» **WHAT TO PRODUCE**: Produce a word-for-word copy of the lines from the one that contains "Cliquez sur le" to the final line of the data below, with all pictures dropped.

» **DATA**:

####################

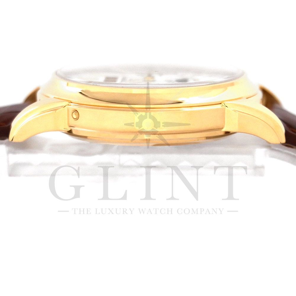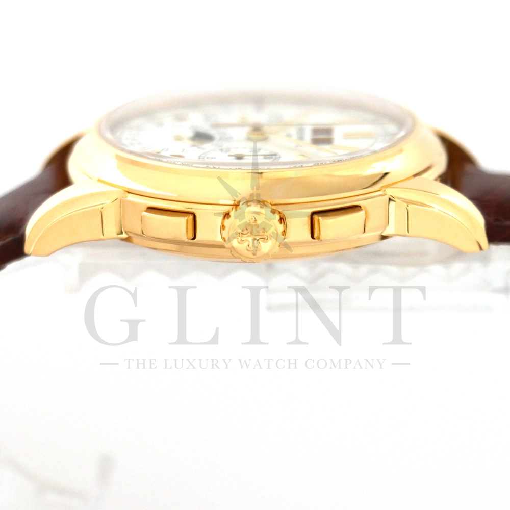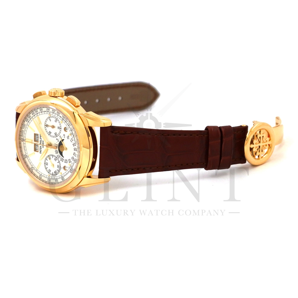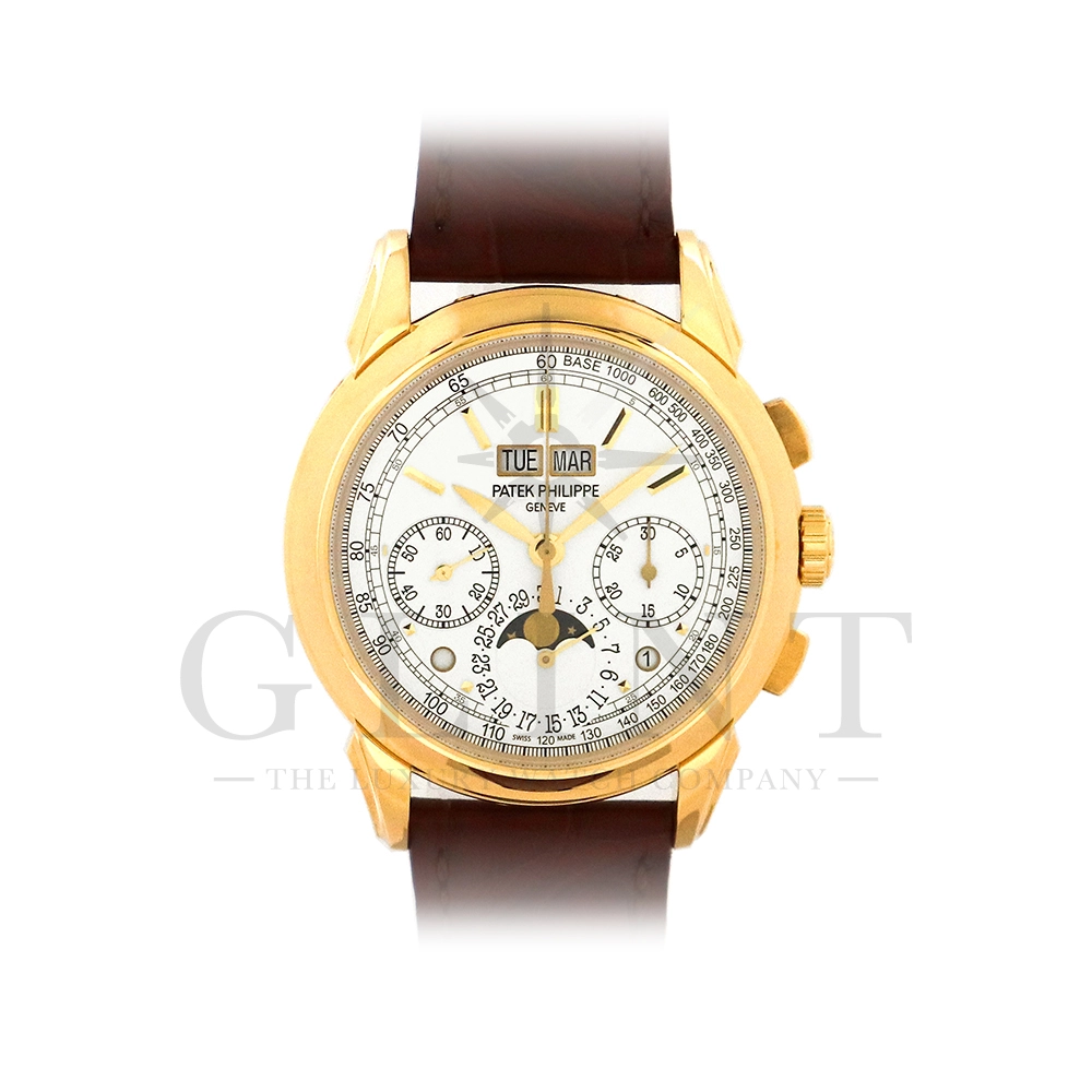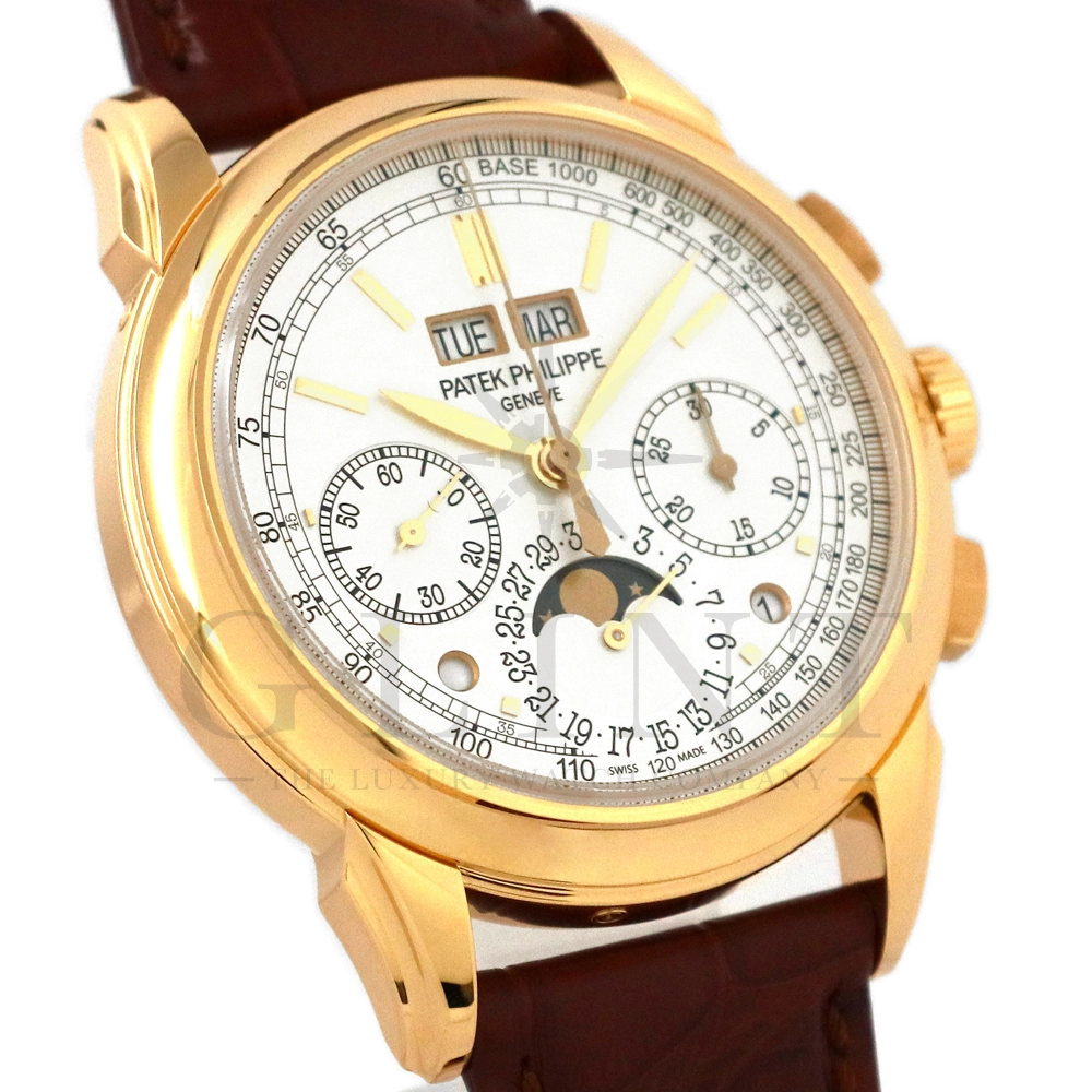 パテックフィリップ グランドコンプリケーション パーペチュアルカレンダー5270J-001です。その名の通り、日付の調整が不要で閏年まで計算してくれる複雑機構の一つ。Ref.5270では、ケース素材に初のイエローゴールドを採用しており、華やかな高級感を与えてくれる仕上がりに。卓越した視認性を誇るシルバー・オパーリン文字盤には、クロノグラフ、パーペチュアルカレンダー、ムーンフェイズと3つのインダイヤルがレイアウトされ、8時位置の窓には昼夜表示、4時位置の窓には閏年のサイクルが表示されております。こちらのモデルにはパテックフィリップ初の完全自社設計製造の開発手巻きクロノグラフCal.CH29-535が搭載されており、美しいムーブメントの動きをシースルーバックから存分にご堪能できるでしょう。伝統的に脈々と受け継がれてきたパテックフィリップのパーペチュアルカレンダーモデルは、いつの時代も色褪せることが無い魅力が備わった最高級の一本です。
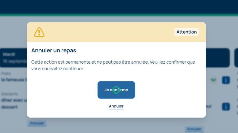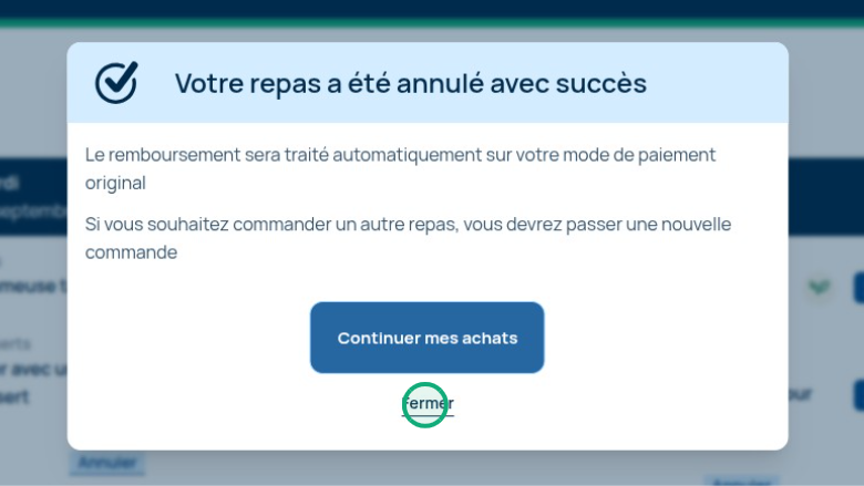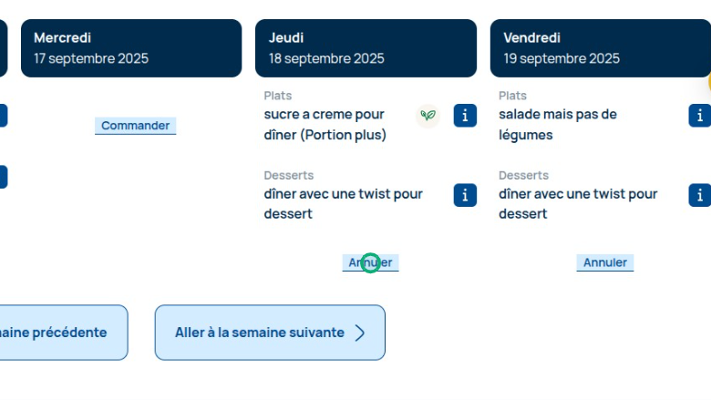 Cliquez sur le bouton « Annuler » à côté du repas à annuler.
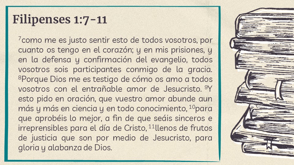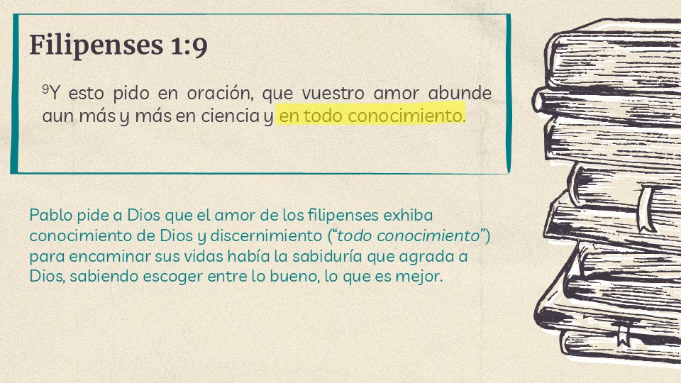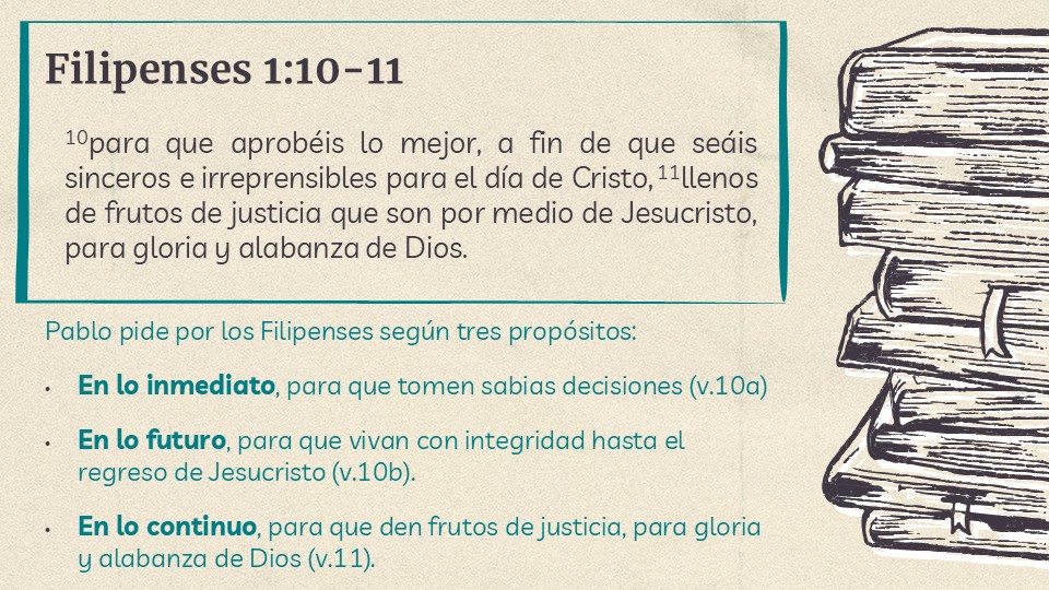 Pablo deseaba que los filipenses se conduzcan cada día tomando buenas decisiones; dando buenos frutos de nueva vida en Cristo: amando a Dios y a la iglesia, preparándose para la venida de Cristo, pensando y creciendo en unidad, gozándome en el Señor y viviendo para la gloria de Dios. Llenos de un amor creciente guiado por el conocimiento de Dios y discernimiento sabio, para la gloria de Dios.

####################

» **RESPONSE FOR THIS EXERCISE**:
 Cliquez sur le bouton « Annuler » à côté du repas à annuler.
 Pablo deseaba que los filipenses se conduzcan cada día tomando buenas decisiones; dando buenos frutos de nueva vida en Cristo: amando a Dios y a la iglesia, preparándose para la venida de Cristo, pensando y creciendo en unidad, gozándome en el Señor y viviendo para la gloria de Dios. Llenos de un amor creciente guiado por el conocimiento de Dios y discernimiento sabio, para la gloria de Dios.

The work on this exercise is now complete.